Let’s call them “Dick and Jane” for purposes of privacy. When Dick, Jane’s beloved, was diagnosed with prostate cancer, it was a shock to both of them. Although he’s the one with the prostate, they both had to make their adjustments. He had to decide on a treatment, the biggie, a decision determined largely by how much would be covered by his health insurance.
Prostate cancer is now the most common cancer in American men, besides skin cancers: “The American Cancer Society estimates that during 2008 about 186,320 new cases of prostate cancer will be diagnosed in the United States. About 1 man in 6 will be diagnosed with prostate cancer during his lifetime, but only 1 man in 35 will die of it. More than 2 million men in the United States who have been diagnosed with prostate cancer at some point are still alive today. … According to the most recent data, for all men with prostate cancer, the relative 10-year survival rate is 91 percent and the 15-year survival rate is 76 percent.”
Unfortunately, the “cutting edge” of prostate cancer treatment – the bloodless, vaguely sci-fi “gamma knife” you’ve seen advertised by some medical centers – is still considered too experimental to qualify for health-insurance reimbursement, so at this point it’s limited to wealthy patients not worried about their wallets.
Because Dick’s prostate cancer was discovered only in one sector at a relatively early stage with a moderately elevated PSA, he decided to have implantation of radioactive “seeds” – Brachytherapy – rather than radical surgery.

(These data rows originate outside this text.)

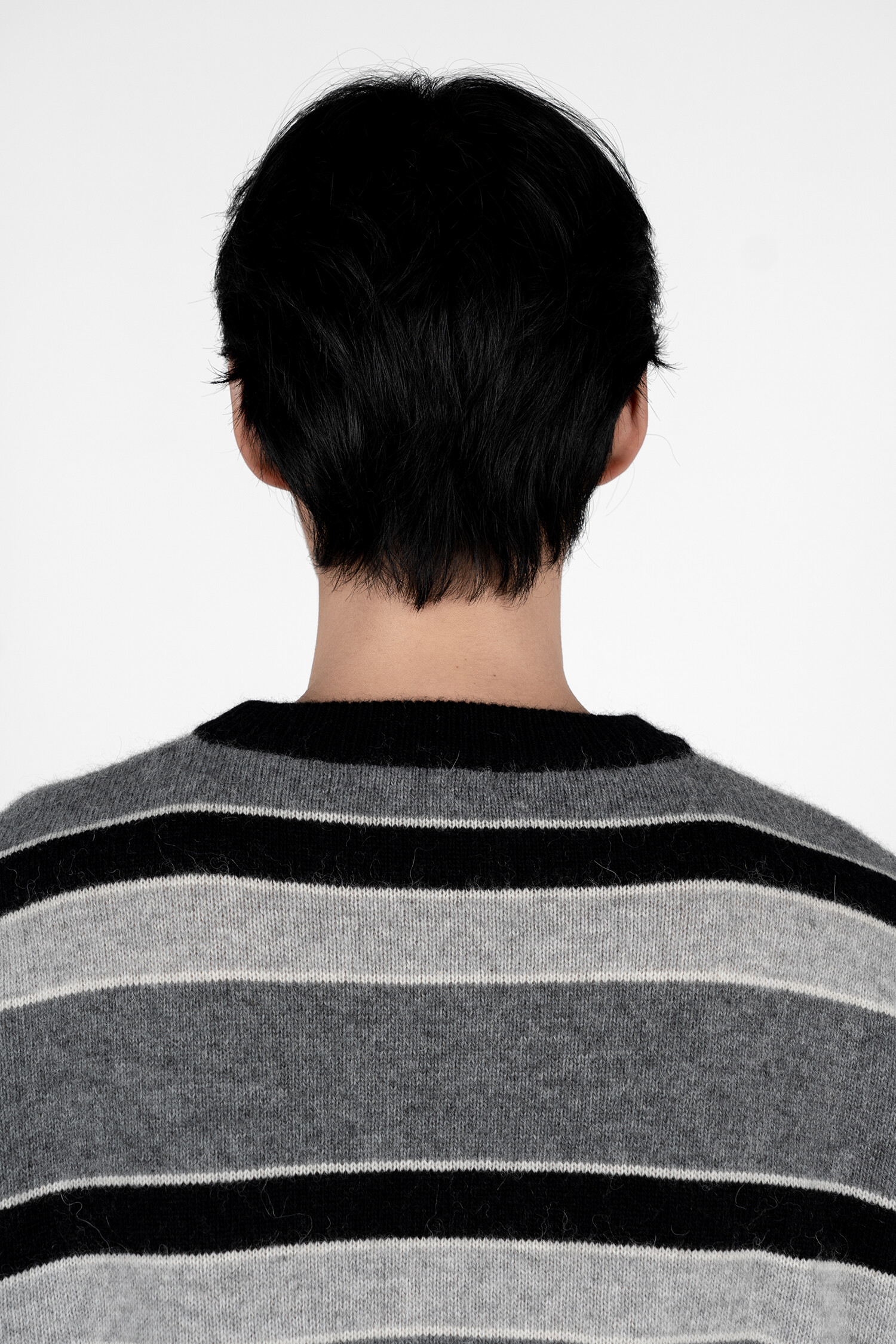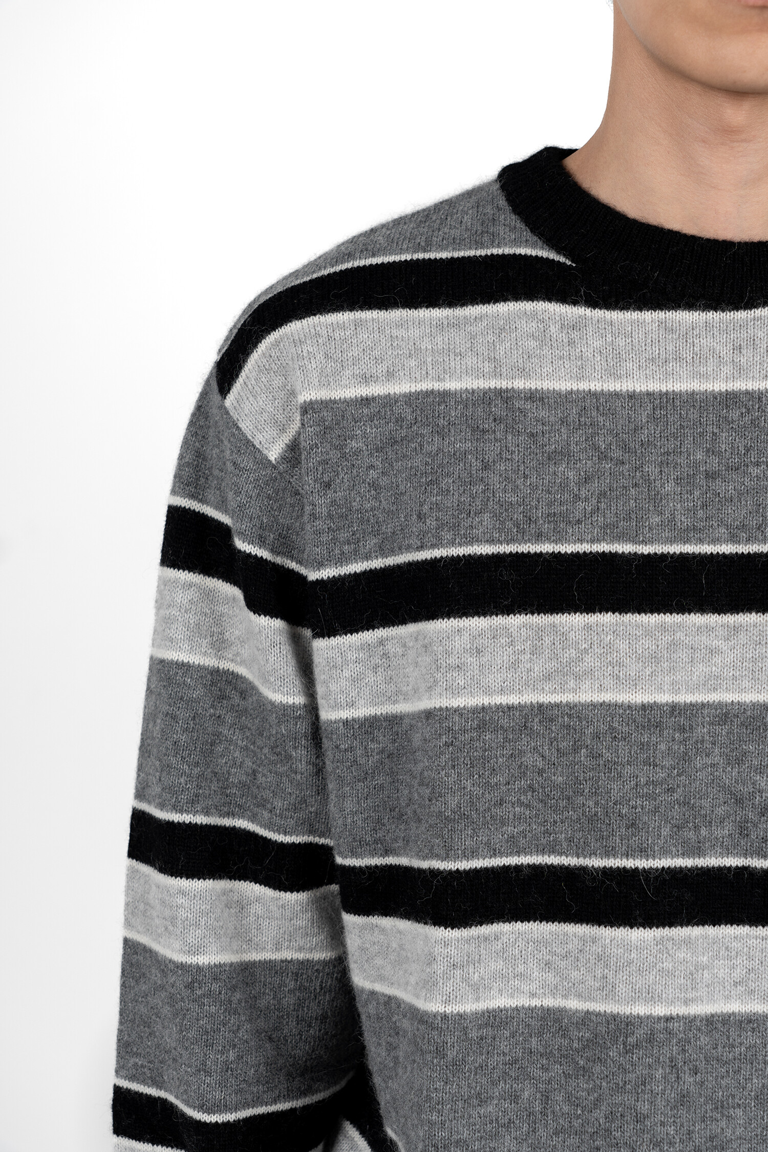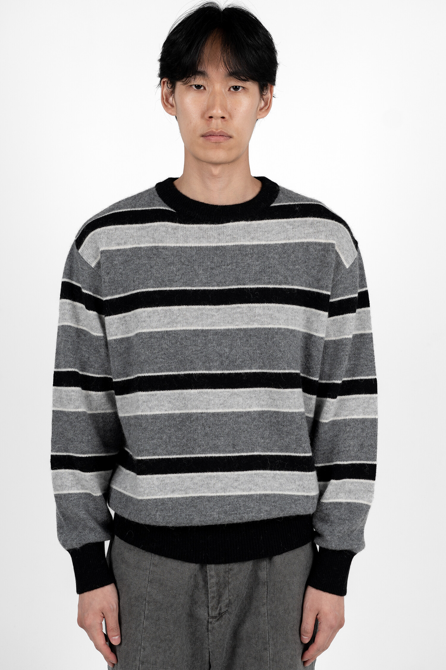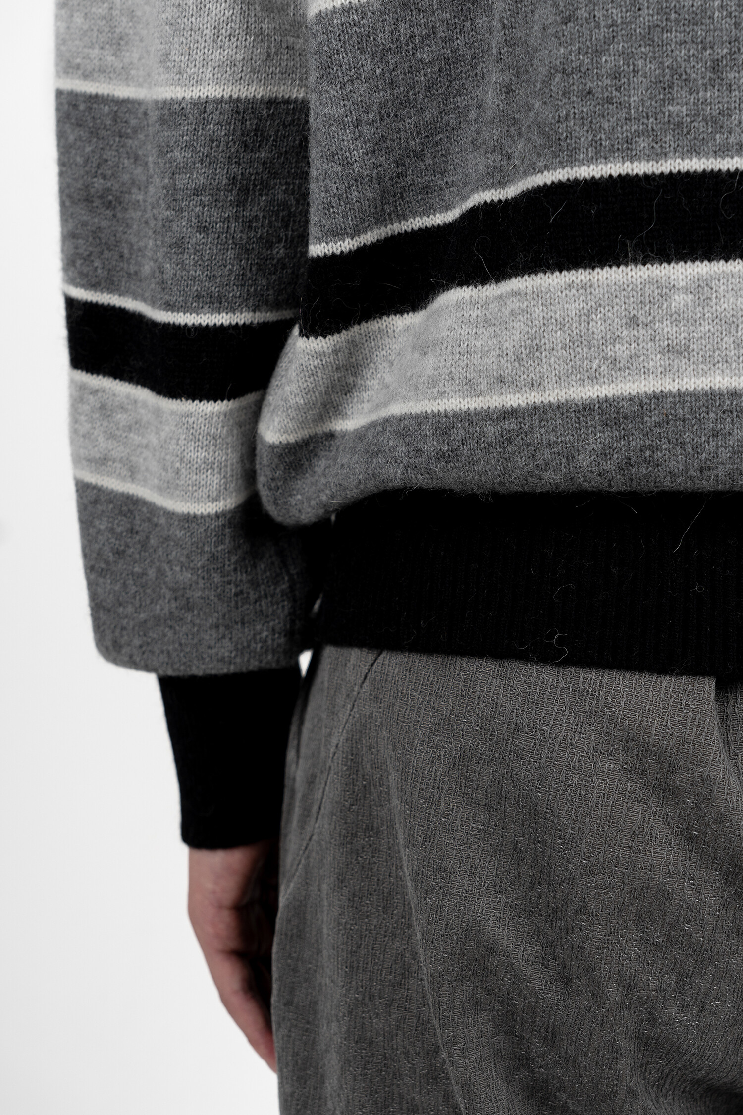ALPACA MULTI STRIPE SWEATER (Grey melange combie)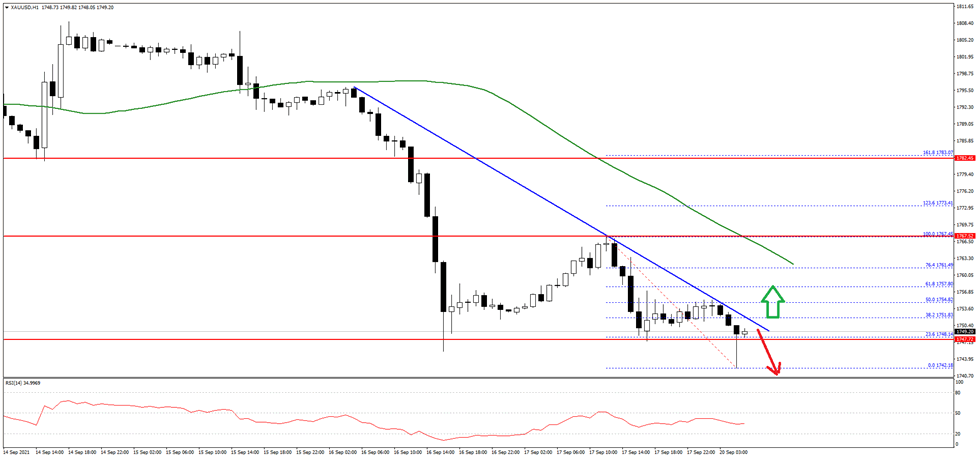 The bears were able to push the price below the $1,750 level and the 50 hourly simple moving average. A low is formed near $1,742 and the price is now attempting a recovery.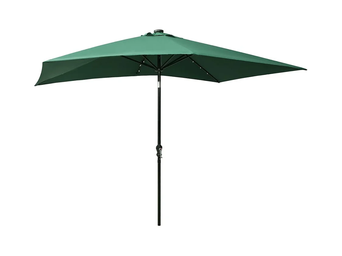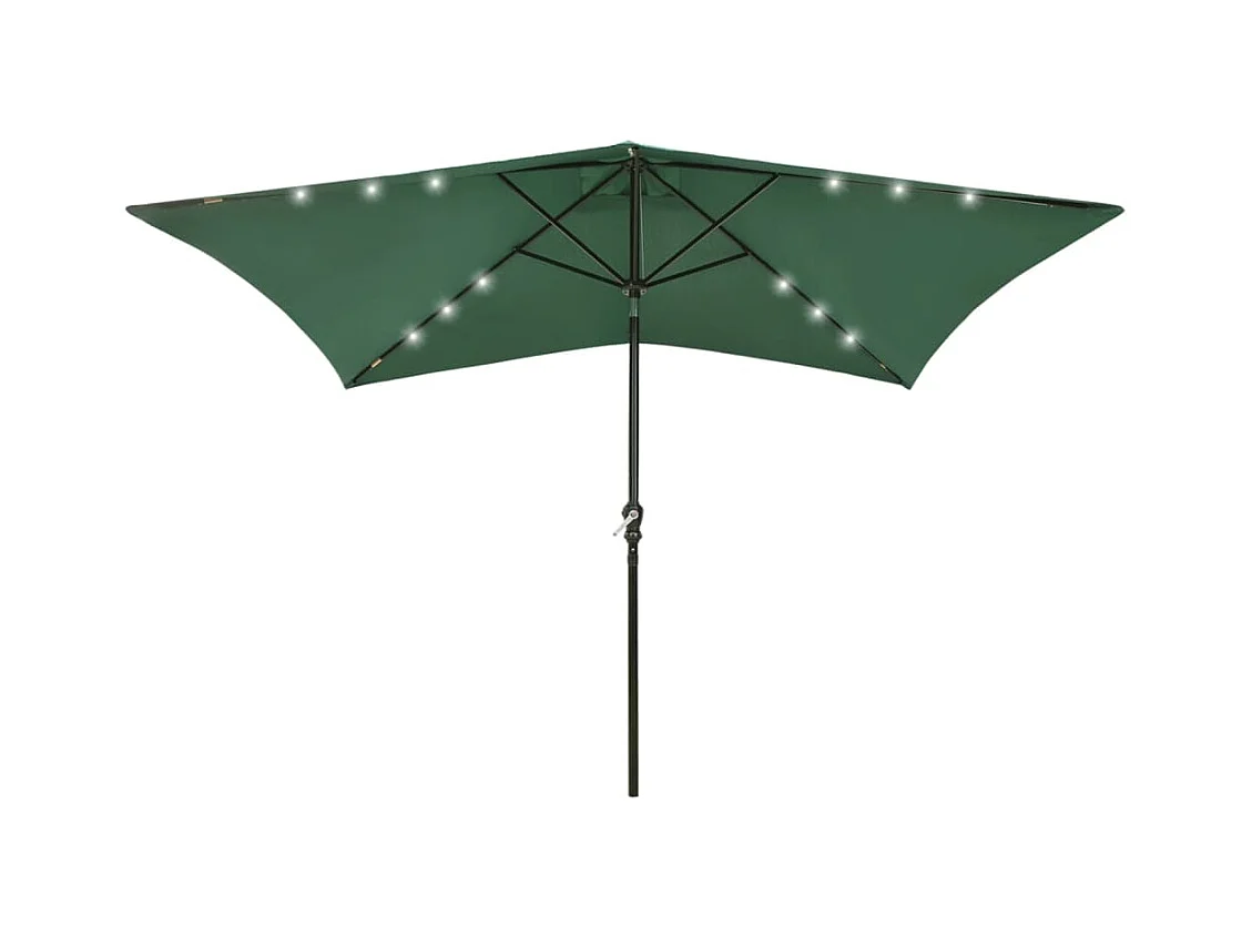 Parasol avec LED et mât en acier Vert 2x3 m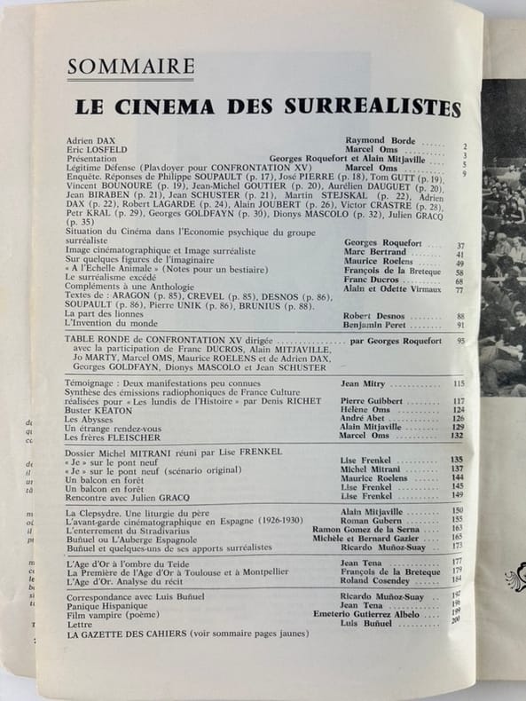 LE CINEMA DES SURREALISTESAdrien DAXRaymond BordeEric LOSFELDMarcel OmsPrésentationGeorges Roquefort et Alain MitjavilleLégitime Défense (Plas doyer pour CONFRONTATION XV)Marcel OmsEnquête. Réponses de Philippe SOUPAULT (p. 17), José PIERRE (p. 18), Tom GUTT (p. 19), Vincent BOUNOURE (p. 19), Jean-Michel GOUTIER (p. 20), Aurélien DAUGUET (p. 20), Jean BIRABEN (p. 21), Jean SCHUSTER (p. 21), Martin STEJSKAL (p. 22), Adrien DAX (p. 22), Robert LAGARDE (p. 24), Alain JOUBERT (p. 26), Victor CRASTRE (p. 28), Petr KRAL (p. 29), Georges GOLDFAYN (p. 30), Dionys MASCOLO (p. 32), Julien GRACO (p. 35)Situation du Cinéma dans l'Economie psychique du groupe surréalisteImage cinématographique et Image surréalisteSur quelques figures de l'imaginaire« A l'Echelle Animale » (Notes pour un bestiaire)Le surréalisme excédéCompléments à une AnthologieGeorges RoquefortMarc BertrandMaurice RoelensFrançois de la BretequeFranc DucrosAlain et Odette VirmauxTextes de : ARAGON (p. 85), CREVEL (p. 85), DESNOS (p. 86), SOUPAULT (p. 86), Pierre UNIK (p. 86), BRUNIUS (p. 88).La part des lionnesL'Invention du mondeTABLE RONDE de CONFRONTATION XV dirigéeRobert DesnosBenjamin Peretpar Georges Roquefortavec la participation de Franc DUCROS, Alain MITJAVILLE, Jo MARTI, Marcel OMS, Maurice ROELENS et de Adrien DAXGeorges GOLDFAYN, Dionys MASCOLO et Jean SCHUSTERTémoignage : Deux manifestations peu connuesJean MitrySynthèse des émissions radiophoniques de France Culture réalisées pour « Les lundis de l'Histoire » par Denis RICHETBuster KEATONLes AbyssesUn étrange rendez-vousLes frères FLEISCHERPierre GuibbertHélène 0msAndré AbetAlain MitjavilleMarcel OmsDossier Michel MITRANI réuni par Lise FRENKEL« Je » sur le pont neuf«Je » sur le pont neuf (scénario original)Un balcon en forêtUn balcon en forêtRencontre avec Julien GRACQLa Clepsydre. Une liturgie du pèreL'avant-garde cinématographique en Espagne (1926-1930)L'enterrement du StradivariusBuñuel ou L'Auberge EspagnoleBuñuel et quelques-uns de ses apports surréalistesL'Age d'Or à l'ombre du TeideLa Première de l'Age d'Or à Toulouse et à MontpellierL'Age d'Or. Analyse du récitCorrespondance avec Luis BuñuelPanique HispaniqueFilm vampire (poème)LettreLise FrenkelMichel MitraniMaurice RoelensLise FrenkelLise FrenkelAlain MitjavilleRoman Gubern ..Ramon Gomez de la SernaMichèle et Bernard GazierRicardo Muñoz-SuayJean TenaFrançois de la BretequeRoland CosendeyRicardo Muñoz-SuayJean TenaEmeterio Gutierrez AlbeloLuis BuñuelLA GAZETTE DES CAHIERS (voir sommaire pages jaunes)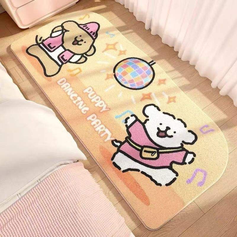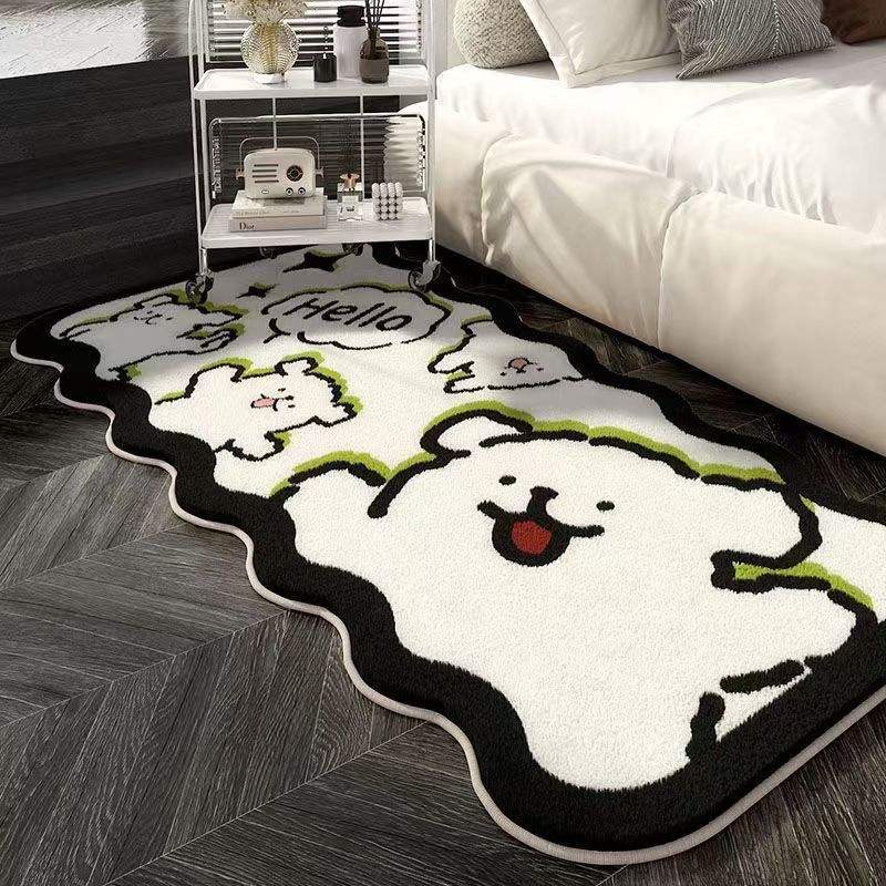Tapis de chevet en peluche Alien de dessin animé, tapis haut de gamme en polyester imitation cachemire pour chambre de filles, résistant au froid et aux taches

In Dick’s case, besides CAT scans and bone scans, he also needed to undergo several other preliminary minor surgical procedures first, culminating in the dreaded unpleasantness of catheterization accompanied by an extra added bonus of visiting nurses.
Wait – don’t forget to mention the hormones! Because testosterone has been implicated in possibly triggering prostate cancer, some treatments seek to neutralize that mechanism. And so Dick would also receive female hormone shots and female hormone pills – which, his urologist warned him, might bring hot flashes, enlarged breasts, weight gain, possible mood swings, and no interest in sex whatever. “It won’t even cross your mind,” the doctor declared, but Dick wasn’t convinced.
As for Jane, she jokes she was waiting for Dick to show up in a dress.
But what the doctor didn’t mention was Dick would become … a changed man. Suddenly, this tough, handsome guy started crying at happy-sad TV shows. He developed a craving for chocolate, going shopping and even chick flicks. Weird, huh? For Jane, it was almost like having a new girlfriend.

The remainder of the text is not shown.